MANDEVILLE, LA (WVUE) -

The honeymoon between some Mandeville residents and the once popular project on the lakefront is over. 

Thursday, dozens of people pushed back at the Port Marigny development near the Causeway.  

The plan is to build on 42 of the 73 acre lot that used to be a concrete manufacturing facility. 

The proposed development would include 416 living units, 60,000 square feet of commercial space, a marina, green space as well as a possible hotel on the city's lakefront.

Many residents argue the big development will ruin their small town feel. 

"The outside of town has been ruined, but if you come back in to the old part of Mandeville, it's the same as it was when I was a kid," resident Susie Wiedeman said. "But if they build Port Marigny, it's going to ruin that. It's going to be like anyplace U.S.A." 

"The traffic on Monroe St. will be unbearable," resident Ann Marie Fargason said. 

Port Marigny would no doubt increase traffic in the small community of Old Mandeville with the possibility of bringing in hundreds of families to the quiet lakefront. 

But developers say if they made the project any smaller they would fail to profit off the multi- million dollar investment. 

"This has to be constructed, cleaned and made into a project that's going to be profitable, and that's property rights. That's fairness and we're working with the city. We're doing this exactly in accordance of what city law dictates," spokesman for the developer James Hartman said. 

"I have not met anybody who wants it to stay a concrete block everyone wants it developed. Most people want the density to come down a little bit," council chair Clay Madden said. 
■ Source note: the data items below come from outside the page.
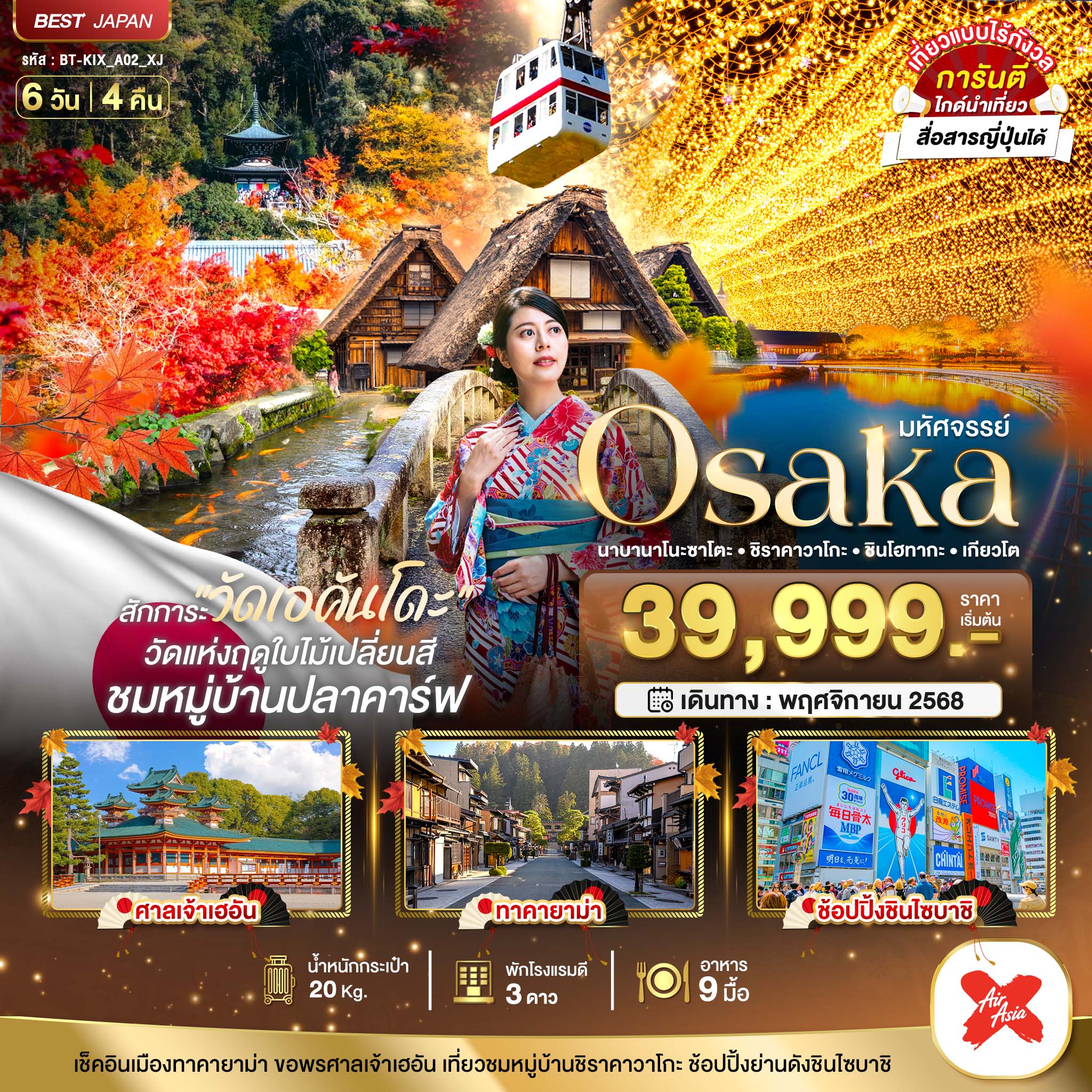 กรุงเทพฯ สนามบินดอนเมือง - ท่าอากาศยานคันไซ ประเทศญี่ปุ่น • วัดเอคันโดะ • เทศกาลไฟนาบานาโนะซาโตะ - วัดโอสุคันนง • หมู่บ้านชิราคาวาโกะ • เมืองทาคายาม่า • สะพานนาคะบาชิ • ถนนเมืองเก่าซันมาจิ - กระเช้าชินโฮทากะ • เมืองฮิดะ ฟุรุคาวะ • ชมเมืองปลาคาร์ฟ • อิออน - เกียวโต • ศาลเจ้เฮอัน • ช้อปปิ้งปลอดภาษี • ชินไซบาชิ - สนามบินคันไซ ประเทศญี่ปุ่น • สนามบินดอนเมือง กรุงเทพ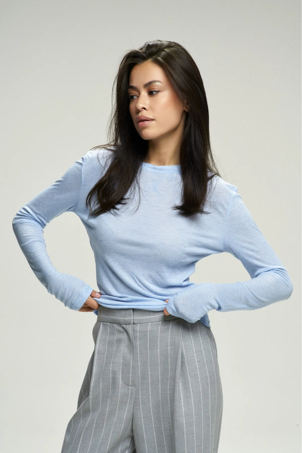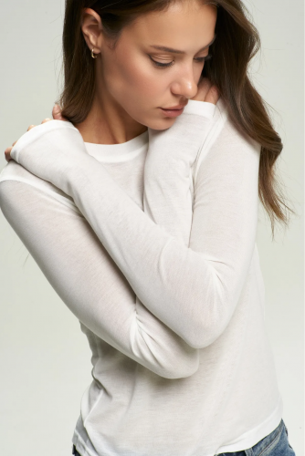 Один «универсальный» размер благодаря продуманному крою по фигуре подходит большинству типажей, подчёркивая силуэт без лишней обтяжки. Правильная линия плеч создаёт аккуратный ровный плечевой контур, а удлинённые рукава придают лонгсливу современный характер и обеспечивают дополнительный комфорт.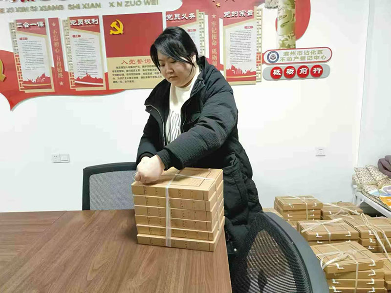 图为社会实践团成员丁晨曦服务房地产捆绑文件盒的工作
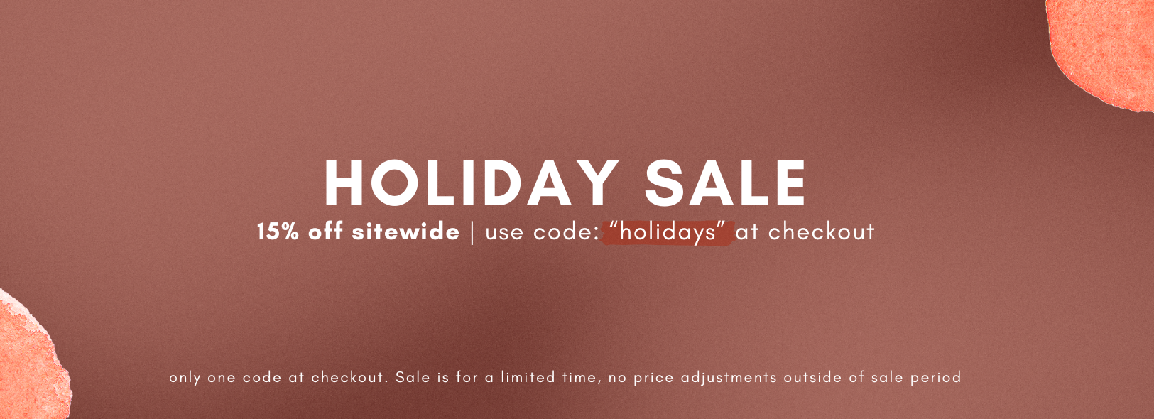 holiday sale ~ 15% OFF with code: "Holidays" at checkout

Madden and his fellow council members are reviewing the project. The chairman agrees Port Marigny is well within the city's zoning laws. 

"I think it's been long and tedious but necessary. We covered our bases. We've researched this very well and we're going to make the best decision for both the developer and the constituents," Madden said.  

Council members also say they want zero adverse affects on the community. 

But as the city accommodates the developers by granting them servitude on sections of land to build Port Marigny, residents feel their concerns are not being heard. 

"We want considerable less density. I don't think they'll do it," Fargason said.  

"They've said they aren't going to shrink it so I doubt their going to shrink it. So if that's the case I'd just rather they not put anything there at all," Wiedeman said. "I'd rather there be something there though."

If this project is approved, it would take years to construct. 

There is also talks of the adjacent property also being developed by the landowner into condos. 

The council hopes to make their final decision on the project by Thanksgiving this year, according to Madden. 

There is a special council meeting on Wednesday to discuss the issue.